I recently discovered that Library of Congress authority data sets for books, subjects, names, and other bibliographic elements are available for download as open-source, free data for research.
The process of uploading the files into Koha was quite straightforward. I chose to begin with their subject file, which contains approximately 320,000 entries. The files are located here: https://www.loc.gov/cds/products/marcDist.php
- Download the Marc8 files
- For each, change the file extension from .marc8 to .mrc
- Open a file in MarcEdit via its Batch Edit and choose MARCSplit:
4. You can then split the file into manageable pieces. I chose to split into files of 10,000 records. I have also done files of 20,000. (Koha import times on 10,000 records is about 5-10 minutes)
5. Reindex Zebra after uploading all your files
sudo koha-rebuild-zebra -f -v library2
CAUTION: The subject data set also contains free-floating subdivisions.

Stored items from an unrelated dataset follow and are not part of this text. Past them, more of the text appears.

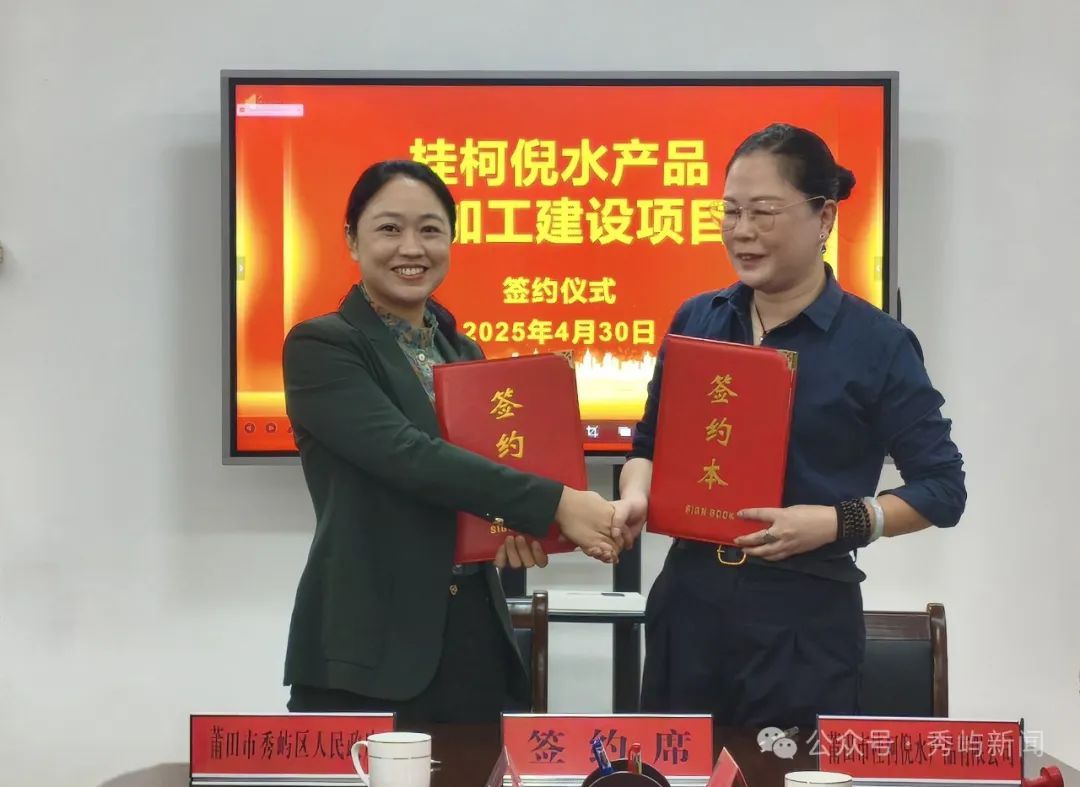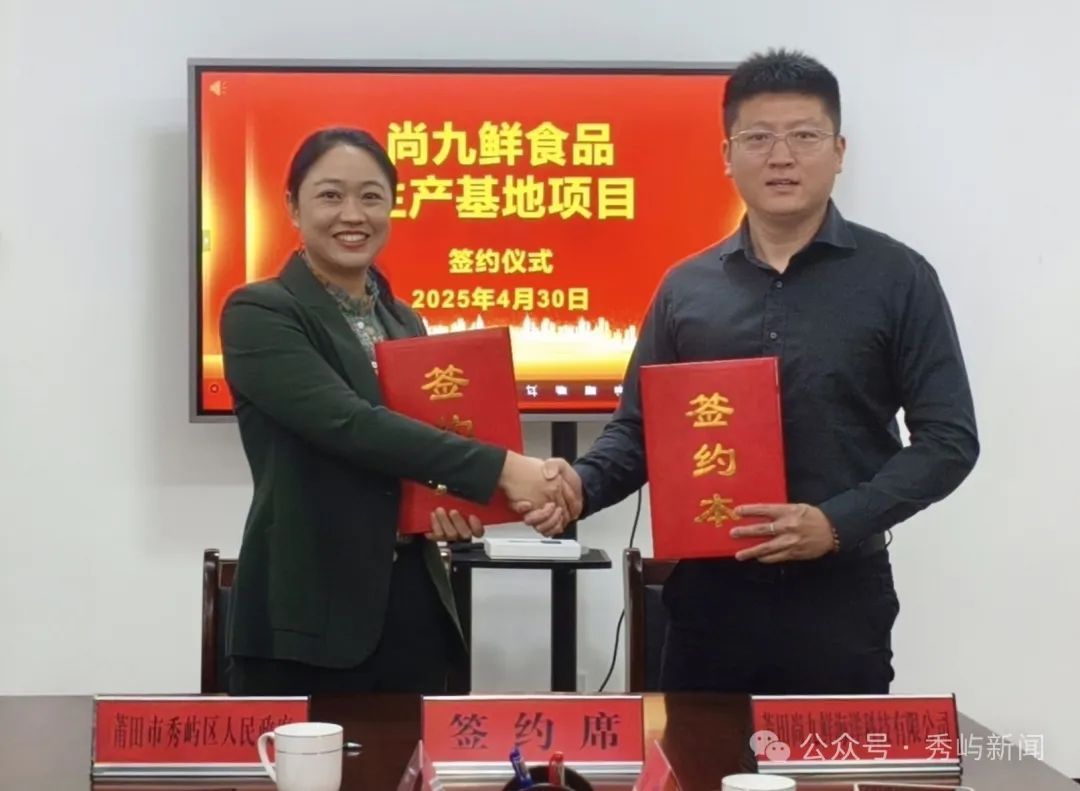 4月30日上午,秀屿区举行桂柯倪水产品深加工、尚九鲜食品生产基地项目签约仪式,项目正式入驻鲍鱼科技(现代食品)产业园。区政府党组成员、湄国投经开区常务副主任郑燕平,莆田市桂柯倪水产品有限公司总经理陈玲颖,莆田尚九鲜海洋科技有限公司副董事长王晨出席仪式。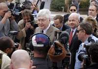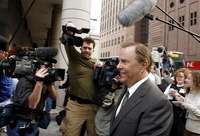 Rodeados por la prensa, los ex directores de Enron, Ken Lay y Jeffrey Skilling, en la foto derecha, salen de la corte federal de Houston en el primer día del juicio que también enfrentan por mentir sobre la posición financiera de la empresa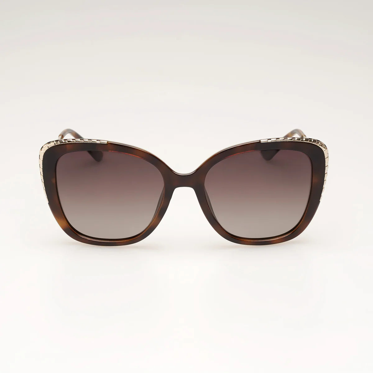 Her delicate gold arms seamlessly blend into brown temple tips, ensuring a comfortable and secure fit, while her polarised brown lens with 100% UV protection makes them perfect for any sunny day.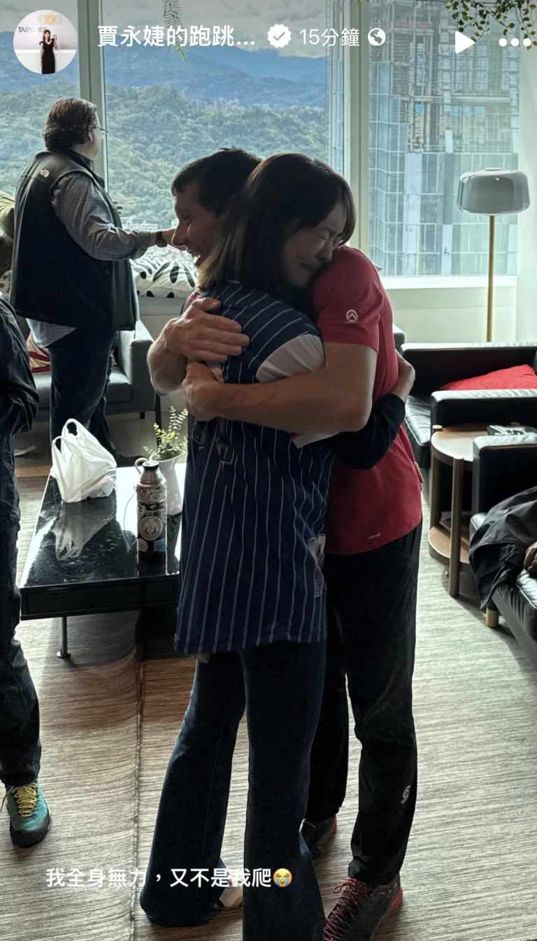 而霍諾德歷經1小時31分鐘奮戰登頂瞬間,賈永婕在臉書限時動態中分享了她「現場觀戰」狀況,只見她難掩激動情緒振臂吶喊「耶~」,並在動態中寫道:「我全身無力,又不是我爬😭」,並且激動擁抱完攀的霍諾德,配上感動哭泣的表情符號,真實流露出身為主辦方與現場觀眾的緊繃心情。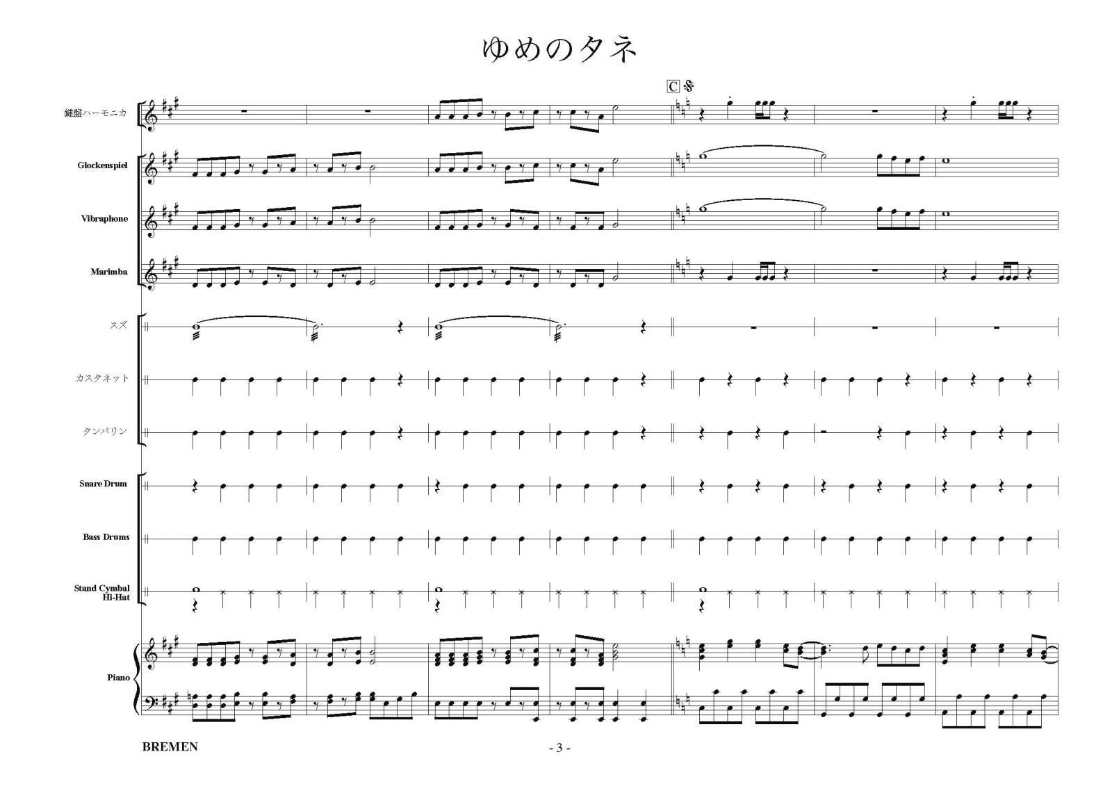 主な使用楽器:鍵盤ハーモニカ、グロッケン、ビブラフォン、マリンバ、スズ、カスタネット、タンバリン、スネアドラム(小太鼓)、バスドラム(大太鼓)、スタンドシンバル、ピアノ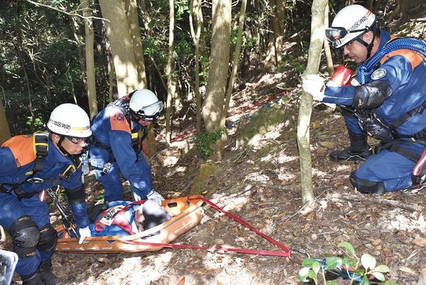 下松市と光市の市境にある人気ハイキングコースの茶臼山で19日、光地区消防本部と下松市消防本部の山岳救助合同訓練が初めて開かれ、遭難者2人を協力して救助、搬送し...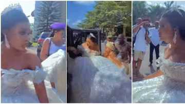 Drama on wedding day as bride's luxury ball dress 'refuses' to enter the car in video, Nigerians react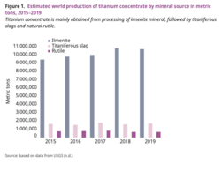 Estimated world production of titanium concentrate by mineral source in metric tons, 2015–2019. Titanium concentrate is mainly obtained from the processing of ilmenite mineral, followed by titaniferous slags and natural rutile.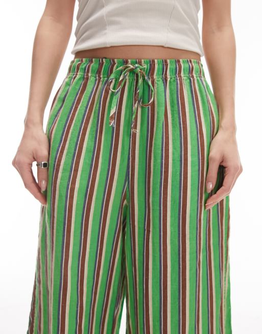 Topshop linen wide leg pants in green stripe ASOS Very well made.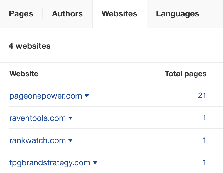 Visto que ele publicou a maioria do conteúdo em pageonepower.com, é quase certamente o seu website pessoal. Portanto, vamos clicar no número na coluna “Total de páginas” para ver os artigos que ele tem escrito lá.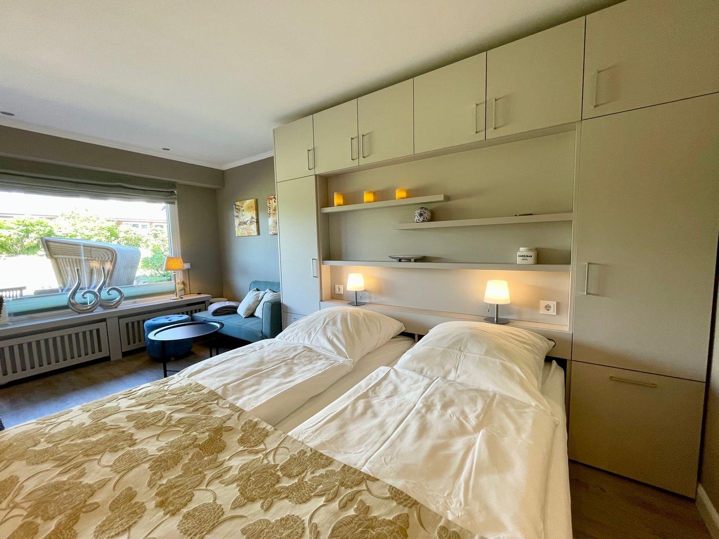 In bester Lage von Kampen erwartet Sie dieses komplett renovierte, charmante Feriendomizil unter Reet im Haus Kampbarg. Eine stilvolle, moderne und sehr durchdachte Möblierung machen das Studioappartement "Lieblingsplatz 2" zu einem idealen Rückzugsort für zwei Gäste. Da sich das Doppelbett elektrisch Ein- und Ausfahren lässt, wird die Raumaufteilung optimal ausgenutzt.
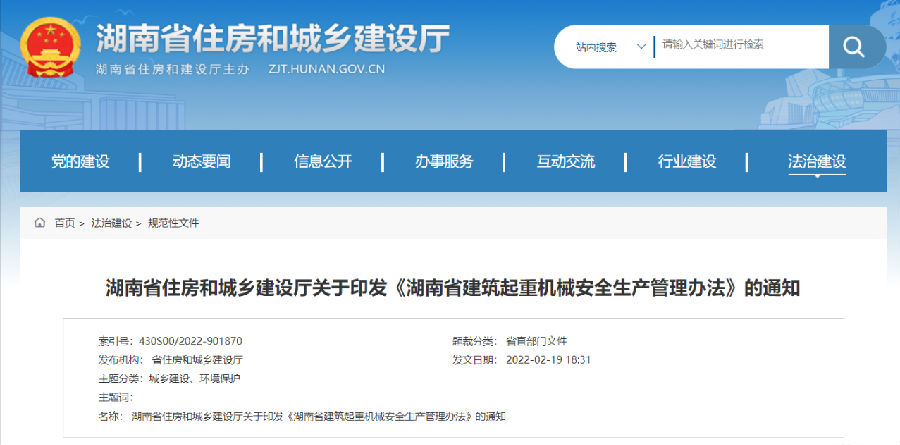 湖南省住房和城乡建设厅关于印发《湖南省建筑起重机械安全生产管理办法》的通知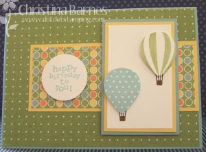 I am not entirely happy with this card, I think I should have done the second balloon in orange instead of green, just to brighten it up a little.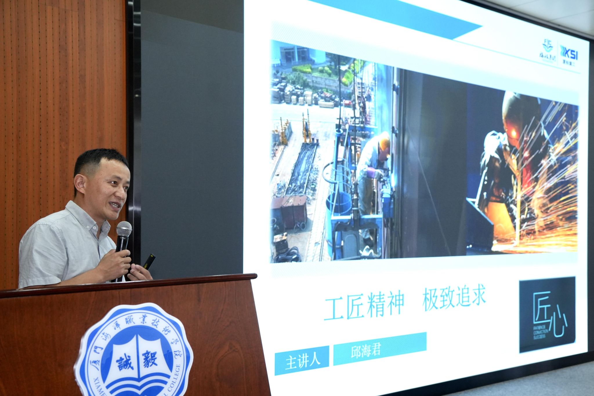随后,船舶电焊工高级技师、船舶工程高级工程师、全国技术能手、国家级技能大师邱海君老师为大家带来了微团课《用“工匠精神”打磨青春》。邱老师以生动的事例和深刻的见解,阐述了“工匠精神”的内涵与价值。他鼓励同学们在学习和生活中,秉持精益求精的态度,用“工匠精神”打磨青春,为实现个人梦想和国家发展贡献力量。这堂微团课不仅是一次思想的洗礼,更是一次行动的号召,激励着同学们在青春的道路上追求卓越。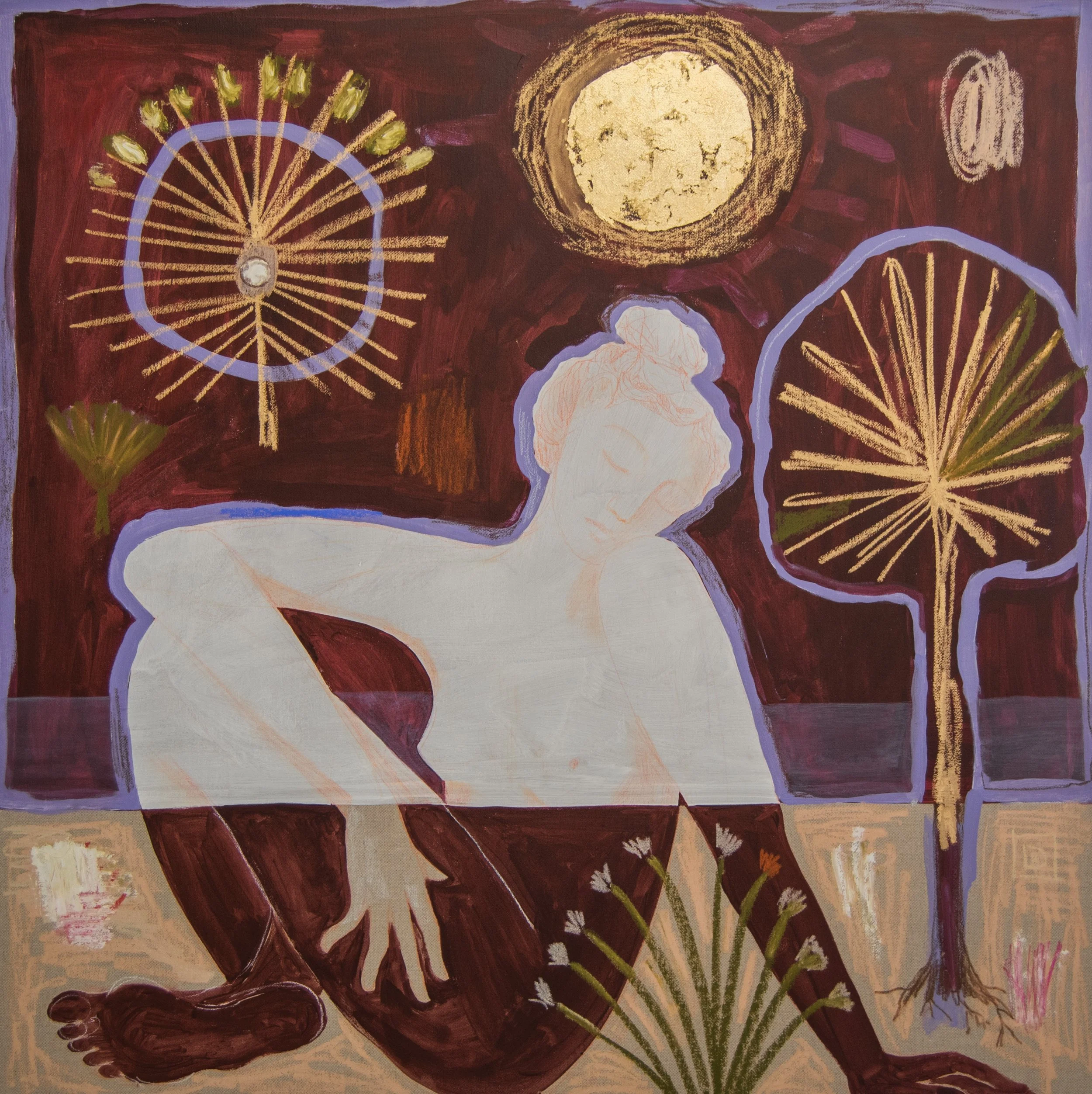 Solitary female figures, often nude and powerful in their vulnerability, inhabit vibrant oneiric scenes saturated with color. Eyes closed, they retreat inward, embodying contemplation and resilience. Around them roam wild creatures and felines — once symbols of inner demons, now transformed into companions and keepers of strength.

They are MARC records in their own right. As of Koha 18.11, if you navigate to Search Authorities and attempt to click on the Details link of a subdivision entry, you will get an Internal Server Error. This may be a bug. Update
After clicking on Submit, you are presented with the enter authority file in Koha. In my case, the first 40 pages or so are free-floating subdivision. You can tell because there is not subheading within each entry before the term (i.e., “Topical Heading”, “Corporate Name”, etc.):
If you proceed to click on Details, a Plack error (I think) occurs: Internal Server Error. Update: This issue has been resolved
Record Matching Rule for Importing Authorities
CAUTION: I created a record matching rule for authorities upload in order to prevent duplication during upload, based on the information in the Koha 18.11 manual: https://koha-community.org/manual//18.11/en/html/administration.html#record-matching-rules
I created a match rule on the authority’s tag 010$a, or LCCN number, with a match threshold of 100. Then, I created fail-safe match sets using each of the following indexes:
The match rule then works in this way: If the record to be imported has a value in tag 010$a that is identical to the tag 010$a value in the authority record already in Koha, then a match is found (or, 101 points, which is above the match threshold of 100) and the record is not imported (as defined by the import rule in Koha Staged Record Management). For any reason, if a match is not found on tag 010$a, then check the other indexes (as above) to see if a match exists.
The benefit of having the subdivisions as part of your authority file is that you can control them in your MARC framework as you would the 650$a field. Neat!